For reference, checkout the last paragraph here for on overview of the current implementation: https://en.wikichip.org/wiki/amd/infinity_fabric

Aomine_Law · Nov 1, 2018

bug said:
What do you mean by "modular"?
For reference, checkout the last paragraph here for on overview of the current implementation: https://en.wikichip.org/wiki/amd/infinity_fabric

Ah... so memory controllers stack their perfomance/bandwidth.
Well... thought it may be a better idea to just combine the memory controllers into one big die. One you can upgrade, the same way as you can with cpu`s.

Zubasa · Nov 1, 2018

Aomine_Law said:
Ah... so memory controllers stack their perfomance/bandwidth.
Well... thought it may be a better idea to just combine the memory controllers into one big die. One you can upgrade, the same way as you can with cpu`s.

Once you run the traces out to the board / another socket, the latency goes through the roof.

bug · Nov 1, 2018

Aomine_Law said:
Ah... so memory controllers stack their perfomance/bandwidth.
Well... thought it may be a better idea to just combine the memory controllers into one big die.

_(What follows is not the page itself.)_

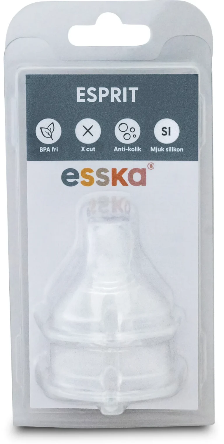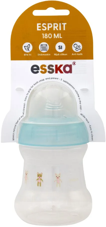 Esprit nappflaskas ergonomiska form gör den lätt att hålla i för både barn och vuxen. Flaska och lock har tydlig gradering som underlättar att mäta upp rätt mängd. Det läckagesäkra locket kan användas som måttskopa. Nappflaskan har en bred öppning och innehåller inte fler delar än en traditionell nappflaska, vilket gör den lätt att fylla och rengöra. Kan kokas, värmas i mikro och diskas i diskmaskin. Dinapp storlek M ingår.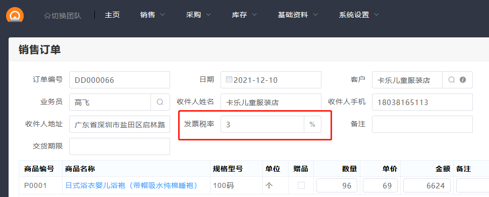 2.开启并设置后,新增单据时,会显示对应的税率,也可以手动修改税率。

One you can upgrade, the same way as you can with cpu`s.

Well, you're on to something. That's how things worked before Athlon64 and Core: the memory controller was in the so called northbridge - a standalone chip sitting on the motherboard. While obviously a more flexible design, it turns out it doesn't cut it anymore in modern systems.

Btw, welcome to TPU

Aomine_Law · Nov 1, 2018

Zubasa said:
Once you run the traces out to the board / another socket, the latency goes through the roof.

bug said:
Well, you're on to something. That's how things worked before Athlon64 and Core: the memory controller was in the so called northbridge - a standalone chip sitting on the motherboard. While obviously a more flexible design, it turns out it doesn't cut it anymore in modern systems.

Btw, welcome to TPU

yeah i know... but wouldnt it be much easier to reserve PCI-e lanes this way.
Im not saying that this is the solution. its just that with thinking out of the box one might find new ways to improve their product.

and thanks bug

RH92 · Nov 1, 2018

For everyone here saying this is bad solution or that it will create more problems here is some educational material for you :

Interposers, Chiplets and...ButterDonuts?

I mean do you think the peoples working on these designs are ignorants or something ? Obviously this new design will resolve many problems !

HD64G · Nov 1, 2018

Imho, this type of connectivity between CCXs is only meant for the next EPYC and Threadripper. And for this type of usage it is excellent and ingenious indeed. For Desktop Ryzens my opinion is that they will just improve the already existing connectivity. It is more than enough. And with 8C/16T CCX, most Ryzens will have just one CCX which means no added latency from the IF.

bug · Nov 1, 2018

HD64G said:
Imho, this type of connectivity between CCXs is only meant for the next EPYC and Threadripper. And for this type of usage it is excellent and ingenious indeed. For Desktop Ryzens my opinion is that they will just improve the already existing connectivity. It is more than enough. And with 8C/16T CCX, most Ryzens will have just one CCX which means no added latency from the IF.

Ideally, AMD will want a design that scales across product lines. Otherwise they have to keep redesigning the CCX. But there's no telling which solution they'll choose.

HD64G · Nov 1, 2018

bug said:
Ideally, AMD will want a design that scales across product lines. Otherwise they have to keep redesigning the CCX. But there's no telling which solution they'll choose.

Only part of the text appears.